She shuffles a file—probably my file—fine print and tabs and a thousand words about all the ways I’m already fucked.
“Think you can get people to speak up?” She hits me with, “Not just show up, but say things that are real?”
“My parents would die for him,” I say. The words are raw coming out. “My coach will do it. Sydney, too—my sister. Hell, Zoe, the nanny—she knows every inch of what I did for that kid, and she’s in Seattle, but we can ask.”
God, Zoe. Without her, I’m missing a piece of myself. I’m waiting for that to go away, but so far, it hasn’t.
Gardner raises an eyebrow. “She willing to go on record? Even if she’s on your payroll?”
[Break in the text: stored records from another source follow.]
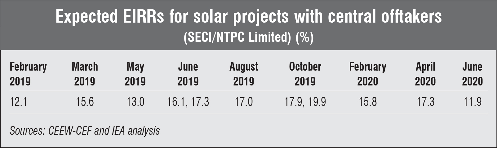 According to the report, the expected EIRR of solar projects was 15.2 per cent in 2019 and 15.3 per cent in 2020 (estimated on a capacity-weighted average basis). These numbers are around 1.4 times lower than the cost of debt financing (10.5-11.2 per cent) during the period. All else being equal, the tenders that faced less competition were associated with higher EIRRs while those that faced greater competition were associated with lower EIRRs.
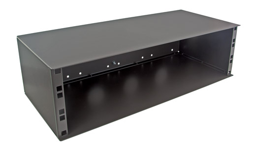 This range of boxes with integral rack-strips, punched in 1U increments, is suitable for wall mounting, fitting under workstations or virtually anywhere where connection panels or rack-mounting equipment needs to be located. They are constructed from 1.5mm steel in 2U, 3U, 4U, 6U, 8U, 12U and 20U heights and two depths in full-rack and half-rack widths.
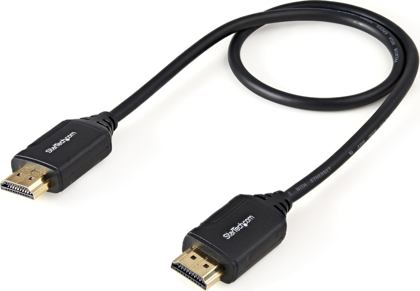 StarTech.com Cable de 50cm HDMI 2.0 Certificado Premium con Ethernet - HDMI de Alta Velocidad Ultra HD de 4K a 60Hz HDR10 - para Monitores o TV UHD. Longitud de cable: 0,5 m, Conector 1: HDMI tipo A (Estándar), Género del conector 1: Macho, Conector 2: HDMI tipo A (Estándar), Género del conector 2: Macho, Contactos del conector chapado: Oro, Versión HDMI: 2.0, Canal de retorno de audio (ARC), Color del producto: Negro

“She’s not scared of the witness stand. And she doesn’t work for me anymore.”
“Even better.”
She makes a note. “Last thing. The timeline. Eleven days left. You don’t slip. You don’t give them an opening.”
Her eyes flick up, ice-cold. “And you haven’t contacted Eli outside scheduled, supervised visits?”
“No.”
“Good. Keep it up. Not a text, not a call. Not a drive-by. Not even an emoji if he reaches out. If Gwen’s lawyer gets a whiff of you violating that order, he’ll drag this out another sixty days, maybe get it permanent. You get me?”
I freeze because my heart just fucking stops.
Not even text him back? Not even if the kid begs?
“It’ll break him,” I say, quiet. “He just wrote me. Not answering will break me.”
She doesn’t blink. “It’ll break your case if you slip. If you want him home, you do every single thing exactly right. I’ll fight for you, Jonah, but you don’t give the other team a single opening.”
She’s not cruel, but she doesn’t bend, either.
That’s how she wins.
I sit, the ache in my chest ratcheting up with every second. The text from Eli is burning a hole in me.
But she’s right.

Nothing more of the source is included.